-------- Task material
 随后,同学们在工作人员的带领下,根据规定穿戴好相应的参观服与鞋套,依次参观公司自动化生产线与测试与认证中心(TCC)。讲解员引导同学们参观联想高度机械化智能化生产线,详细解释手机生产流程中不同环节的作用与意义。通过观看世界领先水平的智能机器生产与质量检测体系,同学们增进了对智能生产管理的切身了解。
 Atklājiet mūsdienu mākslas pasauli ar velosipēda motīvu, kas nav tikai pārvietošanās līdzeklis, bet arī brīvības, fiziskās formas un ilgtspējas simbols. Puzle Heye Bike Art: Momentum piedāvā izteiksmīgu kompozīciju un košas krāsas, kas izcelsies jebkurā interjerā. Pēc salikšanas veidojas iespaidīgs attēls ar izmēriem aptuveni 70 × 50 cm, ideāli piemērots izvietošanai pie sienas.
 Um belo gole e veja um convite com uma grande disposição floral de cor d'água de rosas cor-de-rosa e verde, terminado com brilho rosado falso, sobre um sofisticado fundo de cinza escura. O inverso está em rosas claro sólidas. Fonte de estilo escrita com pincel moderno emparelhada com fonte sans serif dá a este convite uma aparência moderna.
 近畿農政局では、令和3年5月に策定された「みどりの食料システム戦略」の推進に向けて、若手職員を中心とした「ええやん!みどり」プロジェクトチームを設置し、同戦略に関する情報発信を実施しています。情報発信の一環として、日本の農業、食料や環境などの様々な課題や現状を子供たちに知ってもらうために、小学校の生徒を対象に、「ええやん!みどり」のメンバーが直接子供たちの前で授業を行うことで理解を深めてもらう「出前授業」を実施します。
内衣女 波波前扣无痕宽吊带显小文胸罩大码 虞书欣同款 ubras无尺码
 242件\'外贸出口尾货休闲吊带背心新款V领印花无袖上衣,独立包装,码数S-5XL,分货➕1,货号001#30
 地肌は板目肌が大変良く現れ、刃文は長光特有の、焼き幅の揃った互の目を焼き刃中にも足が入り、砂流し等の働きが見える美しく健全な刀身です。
----------------
-------- Task material
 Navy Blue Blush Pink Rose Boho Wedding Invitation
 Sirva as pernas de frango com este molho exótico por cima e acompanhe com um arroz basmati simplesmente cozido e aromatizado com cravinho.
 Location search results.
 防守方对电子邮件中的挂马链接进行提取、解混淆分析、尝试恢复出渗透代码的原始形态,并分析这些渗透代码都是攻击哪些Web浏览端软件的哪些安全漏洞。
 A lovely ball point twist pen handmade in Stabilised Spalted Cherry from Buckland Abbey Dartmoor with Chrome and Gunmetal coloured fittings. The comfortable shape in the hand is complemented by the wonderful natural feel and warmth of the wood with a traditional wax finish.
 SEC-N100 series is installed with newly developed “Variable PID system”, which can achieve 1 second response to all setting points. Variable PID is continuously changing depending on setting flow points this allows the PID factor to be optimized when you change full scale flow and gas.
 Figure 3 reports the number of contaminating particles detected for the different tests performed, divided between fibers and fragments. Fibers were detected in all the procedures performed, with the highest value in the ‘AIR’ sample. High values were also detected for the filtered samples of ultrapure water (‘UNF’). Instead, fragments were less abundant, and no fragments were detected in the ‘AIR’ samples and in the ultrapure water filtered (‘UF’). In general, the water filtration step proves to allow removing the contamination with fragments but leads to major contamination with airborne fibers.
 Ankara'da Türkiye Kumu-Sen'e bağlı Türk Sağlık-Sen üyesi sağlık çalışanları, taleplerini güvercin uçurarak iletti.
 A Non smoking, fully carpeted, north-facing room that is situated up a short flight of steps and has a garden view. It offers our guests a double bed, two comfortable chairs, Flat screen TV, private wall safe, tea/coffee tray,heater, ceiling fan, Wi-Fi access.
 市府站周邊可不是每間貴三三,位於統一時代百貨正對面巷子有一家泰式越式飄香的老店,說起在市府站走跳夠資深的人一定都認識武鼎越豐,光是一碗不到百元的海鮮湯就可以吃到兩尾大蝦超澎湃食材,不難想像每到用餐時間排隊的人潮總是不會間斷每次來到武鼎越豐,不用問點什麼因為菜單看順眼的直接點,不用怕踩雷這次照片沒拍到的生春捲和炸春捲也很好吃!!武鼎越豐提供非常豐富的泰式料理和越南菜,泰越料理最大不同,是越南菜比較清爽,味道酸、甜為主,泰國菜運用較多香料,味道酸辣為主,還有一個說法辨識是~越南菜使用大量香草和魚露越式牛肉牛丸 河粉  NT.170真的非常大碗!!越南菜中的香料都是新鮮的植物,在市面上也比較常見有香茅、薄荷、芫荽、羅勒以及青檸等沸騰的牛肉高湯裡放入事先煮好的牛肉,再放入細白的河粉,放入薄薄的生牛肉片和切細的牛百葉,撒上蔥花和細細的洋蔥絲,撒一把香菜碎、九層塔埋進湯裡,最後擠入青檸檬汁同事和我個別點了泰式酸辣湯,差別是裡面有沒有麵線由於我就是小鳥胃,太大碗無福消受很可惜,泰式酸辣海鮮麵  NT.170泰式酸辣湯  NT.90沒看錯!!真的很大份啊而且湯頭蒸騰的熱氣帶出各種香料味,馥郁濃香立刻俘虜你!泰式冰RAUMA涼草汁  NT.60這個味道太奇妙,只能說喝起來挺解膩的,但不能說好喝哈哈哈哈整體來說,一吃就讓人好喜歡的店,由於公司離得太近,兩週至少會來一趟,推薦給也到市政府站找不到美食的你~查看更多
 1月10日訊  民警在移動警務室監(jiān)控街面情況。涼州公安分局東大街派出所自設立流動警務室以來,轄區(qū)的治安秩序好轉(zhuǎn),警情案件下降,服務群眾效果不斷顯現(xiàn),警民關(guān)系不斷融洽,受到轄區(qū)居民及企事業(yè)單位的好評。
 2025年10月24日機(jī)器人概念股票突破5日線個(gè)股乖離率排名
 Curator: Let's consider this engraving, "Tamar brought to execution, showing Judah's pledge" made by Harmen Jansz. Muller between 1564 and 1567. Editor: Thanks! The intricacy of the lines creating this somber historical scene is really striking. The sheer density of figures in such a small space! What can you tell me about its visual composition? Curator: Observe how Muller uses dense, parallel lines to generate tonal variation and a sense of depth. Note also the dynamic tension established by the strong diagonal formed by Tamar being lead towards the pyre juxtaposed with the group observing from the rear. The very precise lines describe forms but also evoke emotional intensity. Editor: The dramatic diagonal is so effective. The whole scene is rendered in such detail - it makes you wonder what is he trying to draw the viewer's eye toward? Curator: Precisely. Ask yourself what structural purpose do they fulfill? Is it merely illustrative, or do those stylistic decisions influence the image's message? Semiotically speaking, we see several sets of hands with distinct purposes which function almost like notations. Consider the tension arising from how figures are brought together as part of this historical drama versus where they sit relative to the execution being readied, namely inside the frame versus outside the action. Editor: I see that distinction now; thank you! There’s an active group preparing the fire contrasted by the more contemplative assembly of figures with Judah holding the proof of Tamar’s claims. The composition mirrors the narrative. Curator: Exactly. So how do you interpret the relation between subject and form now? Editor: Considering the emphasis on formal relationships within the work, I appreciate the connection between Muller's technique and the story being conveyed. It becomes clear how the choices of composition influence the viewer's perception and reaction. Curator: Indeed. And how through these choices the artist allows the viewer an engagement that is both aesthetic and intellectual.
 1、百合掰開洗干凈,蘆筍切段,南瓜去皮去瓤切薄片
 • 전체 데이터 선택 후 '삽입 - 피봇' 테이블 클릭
----------------
-------- Task material
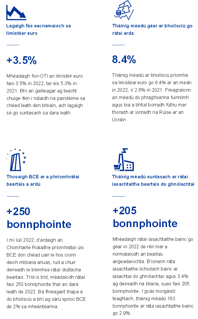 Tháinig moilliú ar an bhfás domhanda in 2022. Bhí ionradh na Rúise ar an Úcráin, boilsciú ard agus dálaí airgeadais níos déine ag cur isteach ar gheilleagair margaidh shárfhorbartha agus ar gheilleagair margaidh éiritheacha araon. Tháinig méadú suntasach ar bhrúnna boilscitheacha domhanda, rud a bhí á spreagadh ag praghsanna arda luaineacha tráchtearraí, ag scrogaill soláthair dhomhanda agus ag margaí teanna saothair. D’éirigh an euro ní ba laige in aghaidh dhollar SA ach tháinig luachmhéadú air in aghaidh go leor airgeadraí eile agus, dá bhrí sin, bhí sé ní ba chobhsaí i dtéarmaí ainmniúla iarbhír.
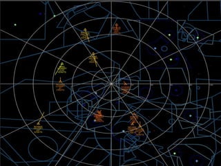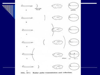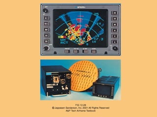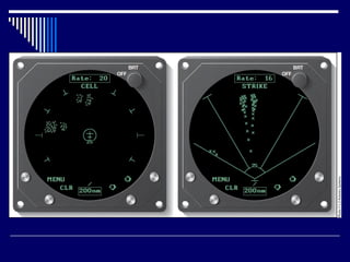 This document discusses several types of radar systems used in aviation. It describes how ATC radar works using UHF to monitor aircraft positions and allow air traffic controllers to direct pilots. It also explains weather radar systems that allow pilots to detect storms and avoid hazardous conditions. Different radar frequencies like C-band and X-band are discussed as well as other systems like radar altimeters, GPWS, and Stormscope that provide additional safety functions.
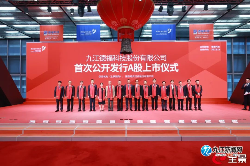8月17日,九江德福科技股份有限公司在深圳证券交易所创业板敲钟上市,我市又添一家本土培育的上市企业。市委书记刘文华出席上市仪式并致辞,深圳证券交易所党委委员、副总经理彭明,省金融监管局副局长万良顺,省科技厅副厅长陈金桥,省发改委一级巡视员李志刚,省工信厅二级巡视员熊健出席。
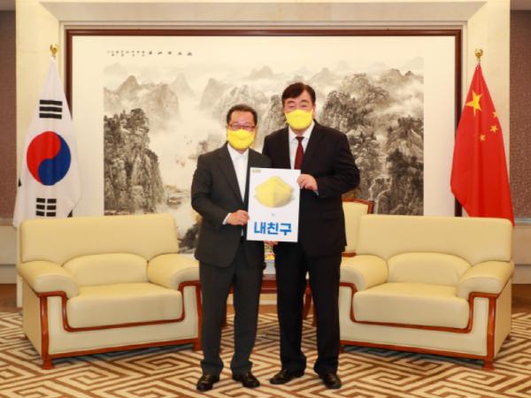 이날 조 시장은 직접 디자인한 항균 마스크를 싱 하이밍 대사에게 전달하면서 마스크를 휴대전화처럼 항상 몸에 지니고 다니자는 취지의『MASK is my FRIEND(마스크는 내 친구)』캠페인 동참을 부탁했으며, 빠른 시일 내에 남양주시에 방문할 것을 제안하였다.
----------------
- Problem to work on
What are the lines, exactly as written above, from the line with "Sirva as pernas" to the line with "防守方对电子邮件中的挂马链接", both included? Output only those.

- Answer to this exercise
 Sirva as pernas de frango com este molho exótico por cima e acompanhe com um arroz basmati simplesmente cozido e aromatizado com cravinho.
 Location search results.
 防守方对电子邮件中的挂马链接进行提取、解混淆分析、尝试恢复出渗透代码的原始形态,并分析这些渗透代码都是攻击哪些Web浏览端软件的哪些安全漏洞。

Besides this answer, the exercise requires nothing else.